◆ INPUT DATA
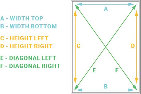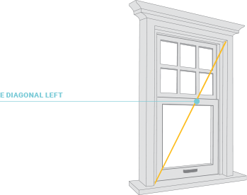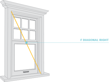 Repeat instructions for E Diagonal Left , but with the measure tape going from the bottom right joint of the window frame to the top left joint. Write the measurement under ‘F Diagonal Right’ on the Measure Form. Try to keep the tape measure taut when measuring diagonals.
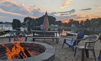 Historic Irish Hills, Located 1 mile from a winery with concerts 3 nights a week, and minutes away from Michigan International Speedway. Welcome to Evans Lake Waterfront in Irish Hills! This lake retreat features a private beach and is minutes from Wamplers, Sand and Clark Lakes. Perfect for family getaways, you can relax or enjoy water activities. The spacious two floor house sleeps up to 10 guests. Just 55 minutes from Metro Detroit, you’re close to the Michigan International Speedway and a winery with concerts three nights a week. Unwind with a beach bonfire under the stars. First floor is very spacious with a ton of room for games, as well as 30 foot private beach just for the residence which has steps on the dock for lake entry. Lake does have algae which is normal for fresh lakes. You will come across fish and baby turtles that swim close to shore! The master bedroom and bunk bedroom has a shared ceiling. Currently no boat access to lake Evans is available for guests.
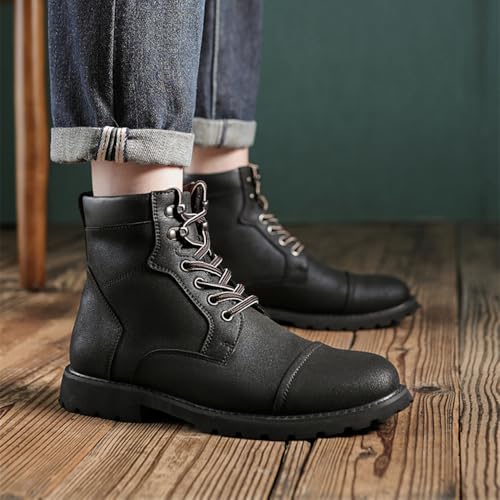 Men's Motorcycle Boots Black Platform Lace Up Combat Boots PU Leather Dress Boot for Business Casual 7

◆ WORK INSTRUCTIONS
Without the pictures, write out the whole listing above exactly as it appears.

◆ REPLY TO THE EXERCISE
 Repeat instructions for E Diagonal Left , but with the measure tape going from the bottom right joint of the window frame to the top left joint. Write the measurement under ‘F Diagonal Right’ on the Measure Form. Try to keep the tape measure taut when measuring diagonals.
 Historic Irish Hills, Located 1 mile from a winery with concerts 3 nights a week, and minutes away from Michigan International Speedway. Welcome to Evans Lake Waterfront in Irish Hills! This lake retreat features a private beach and is minutes from Wamplers, Sand and Clark Lakes. Perfect for family getaways, you can relax or enjoy water activities. The spacious two floor house sleeps up to 10 guests. Just 55 minutes from Metro Detroit, you’re close to the Michigan International Speedway and a winery with concerts three nights a week. Unwind with a beach bonfire under the stars. First floor is very spacious with a ton of room for games, as well as 30 foot private beach just for the residence which has steps on the dock for lake entry. Lake does have algae which is normal for fresh lakes. You will come across fish and baby turtles that swim close to shore! The master bedroom and bunk bedroom has a shared ceiling. Currently no boat access to lake Evans is available for guests.
 Men's Motorcycle Boots Black Platform Lace Up Combat Boots PU Leather Dress Boot for Business Casual 7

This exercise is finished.